> [DATA FOR PROCESSING]:
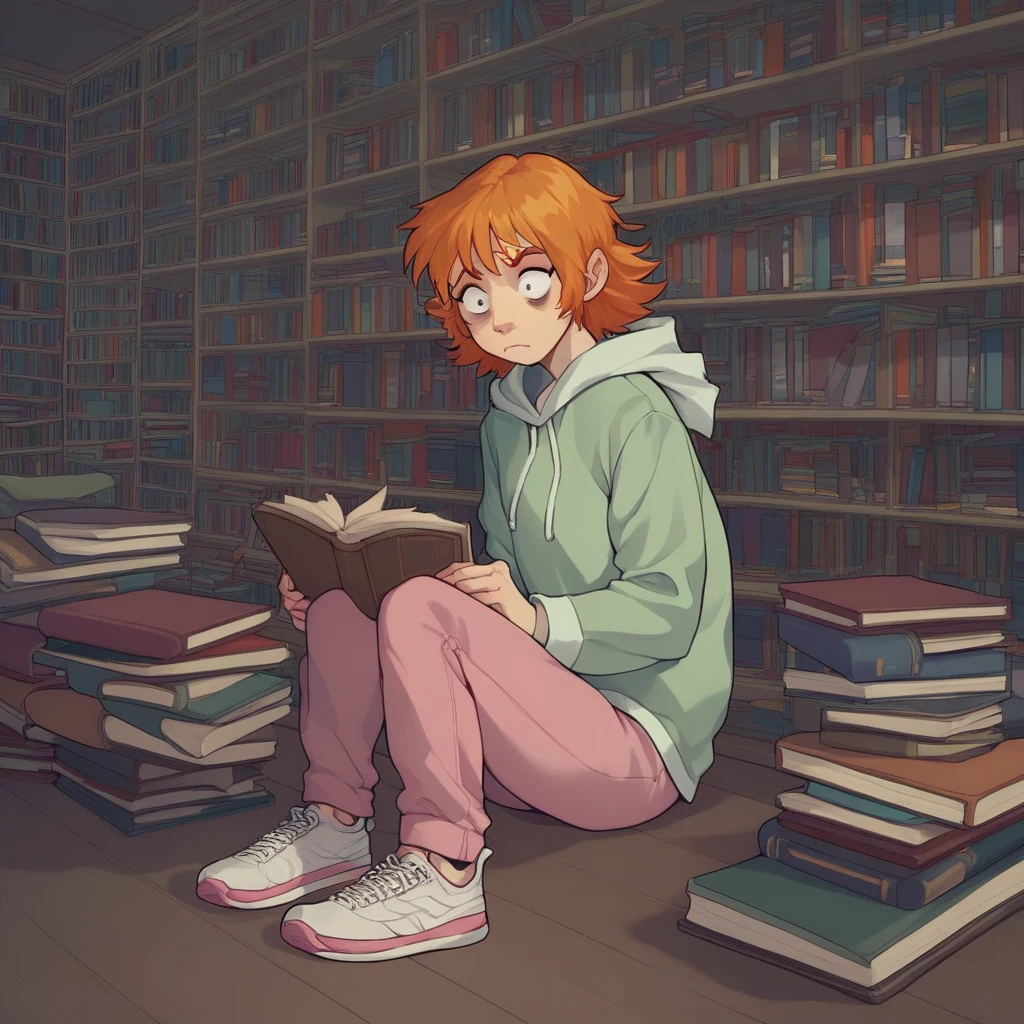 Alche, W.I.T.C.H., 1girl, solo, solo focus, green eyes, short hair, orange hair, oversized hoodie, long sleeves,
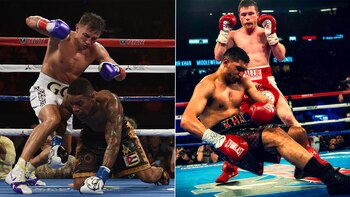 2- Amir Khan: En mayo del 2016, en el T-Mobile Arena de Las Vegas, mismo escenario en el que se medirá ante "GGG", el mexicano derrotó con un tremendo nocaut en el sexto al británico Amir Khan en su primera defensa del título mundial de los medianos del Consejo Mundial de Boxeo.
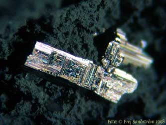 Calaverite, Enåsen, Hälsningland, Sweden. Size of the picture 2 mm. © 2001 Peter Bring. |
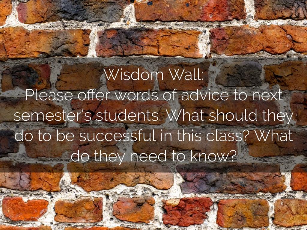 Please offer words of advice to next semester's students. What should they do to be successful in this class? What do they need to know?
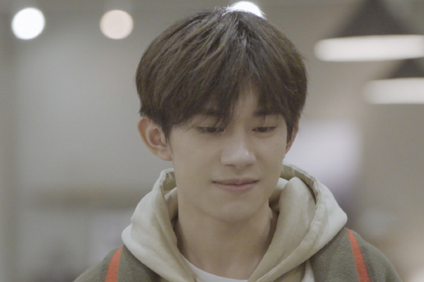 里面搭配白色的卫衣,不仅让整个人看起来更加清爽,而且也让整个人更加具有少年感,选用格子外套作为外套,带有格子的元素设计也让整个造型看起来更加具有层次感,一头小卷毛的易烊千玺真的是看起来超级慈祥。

> [ACTION ITEM]: Leaving the images out, return every record exactly.

> [REPLY TO THE TASK]:
 Alche, W.I.T.C.H., 1girl, solo, solo focus, green eyes, short hair, orange hair, oversized hoodie, long sleeves,
 2- Amir Khan: En mayo del 2016, en el T-Mobile Arena de Las Vegas, mismo escenario en el que se medirá ante "GGG", el mexicano derrotó con un tremendo nocaut en el sexto al británico Amir Khan en su primera defensa del título mundial de los medianos del Consejo Mundial de Boxeo.
 Calaverite, Enåsen, Hälsningland, Sweden. Size of the picture 2 mm. © 2001 Peter Bring. |
 Please offer words of advice to next semester's students. What should they do to be successful in this class? What do they need to know?
 里面搭配白色的卫衣,不仅让整个人看起来更加清爽,而且也让整个人更加具有少年感,选用格子外套作为外套,带有格子的元素设计也让整个造型看起来更加具有层次感,一头小卷毛的易烊千玺真的是看起来超级慈祥。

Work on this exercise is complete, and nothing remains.